Hot US inflation Data Hammers Wall Street Stocks
AFP/APP
London: Wall Street stocks slumped on Wednesday after data showed US consumer inflation continued to accelerate last month, reducing the chances of an early interest rate cut from the Federal Reserve.
The annual consumer price index (CPI) came in at 3.5 percent in March, up 0.3 percentage points from February, the Labor Department said. A widely-watched “core” inflation measure excluding volatile food and energy prices rose at an annual rate of 3.8 percent.
The month-on-month gains of 0.4 percent for headline and core inflation also came in higher than expected by economists.
“US CPI came in hotter than expected at +0.4 percent month-on-month, sending traders to exit bets on a June rate cut and dump stocks,” said Neil Wilson, chief market analyst at Finalto.
The blue-chip Dow fell 1.2 percent in late morning trading, while the broader S&P 500 and the tech-heavy Nasdaq Composite were down around 1.0 percent.
The yields on US government debt jumped as did the dollar, including sending the yen to a new 34-year low of more than 152 to the greenback.
“The immediate aftermath of the CPI report has been a bloodbath,” said Kathleen Brooks, research director at XTB online brokerage.
European equities, which turned negative after the US inflation data, rallied to end the day with modest gains in most markets.
At the start of this year, investors had expected the Fed to make six rate cuts of 0.25 percentage points this year. Those expectations have steadily dropped.
“The market has once again recalibrated US rate cut expectations, and the verdict is that that first rate cut may not come until November,” said Brooks.
“The market is now pricing in less than two rate cuts from the Fed for this year.”

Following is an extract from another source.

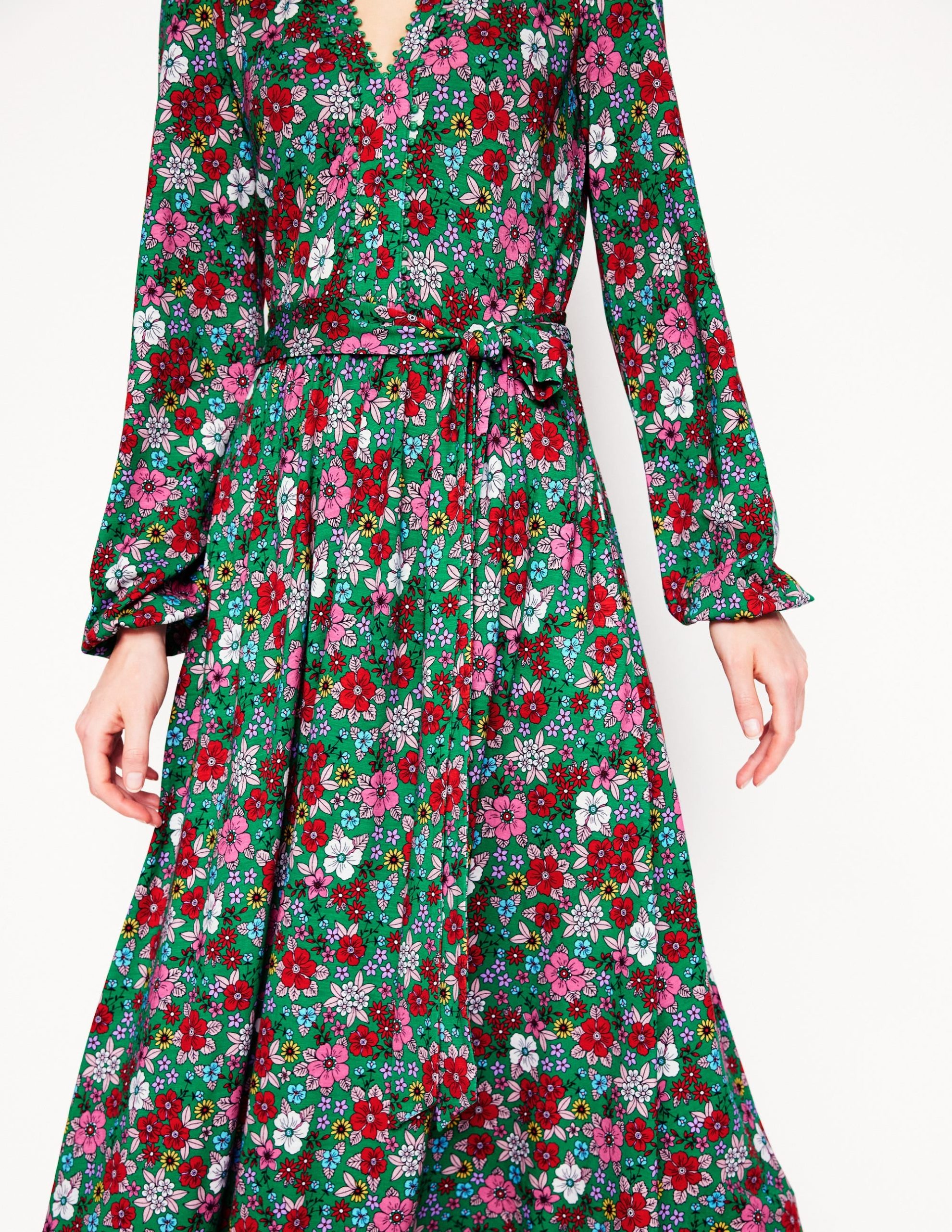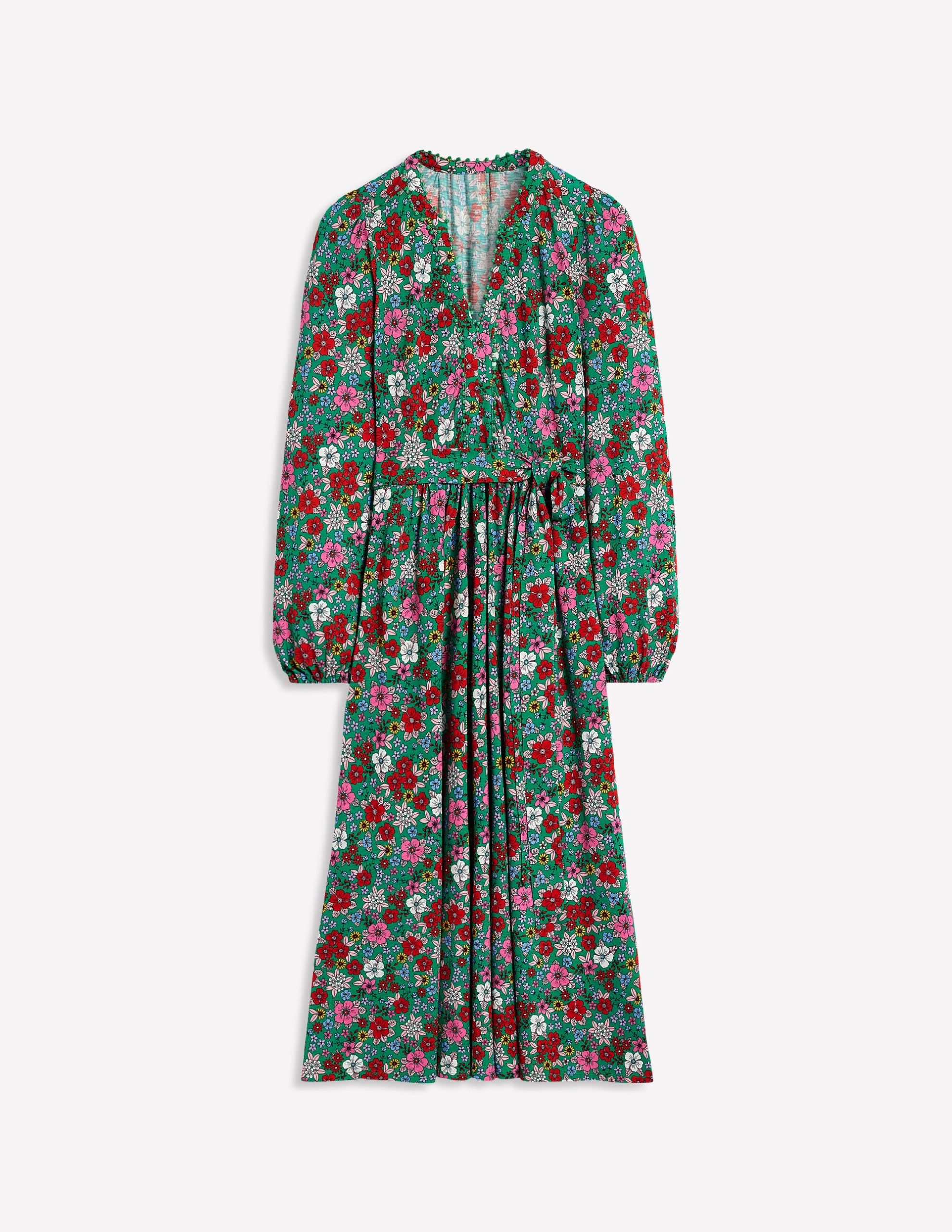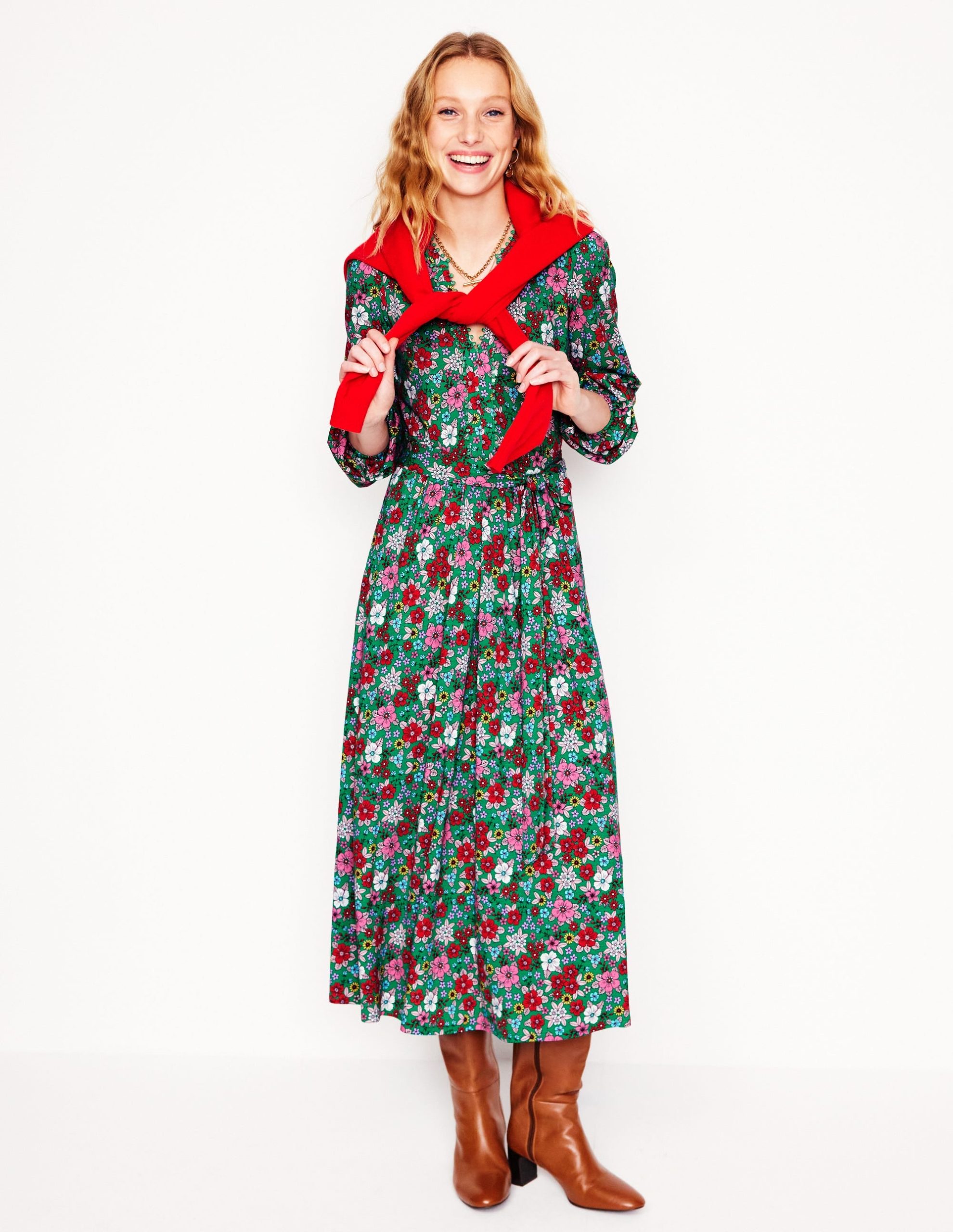 Maeve Trim Jersey Midi Dress-Rich Emerald. Blossom Scatter

Brooks noted that Fed Chair Jerome Powell called the recent higher than expected inflation rates “bumps along the road.”.
“After March’s higher than expected inflation reading, this looks less like a bump in the road and more of a pathway towards higher for longer inflation and higher for longer interest rates,” she said.
Some observers have suggested that no rate cuts could be the price to pay for economic health and strong earnings. The US corporate earnings season begins later this week.
The European Central Bank, buoyed by slowing inflation, is expected to keep eurozone borrowing costs on hold one last time Thursday while laying the groundwork for a first interest rate cut in June.
Asian traders on Wednesday shrugged off a decision by Fitch to downgrade China’s sovereign credit outlook to negative based on increased risks to the country’s public finances.
Hong Kong surged 1.9 percent, boosted by a rally in tech firms, including Tencent, after Chinese authorities approved a number of overseas online games.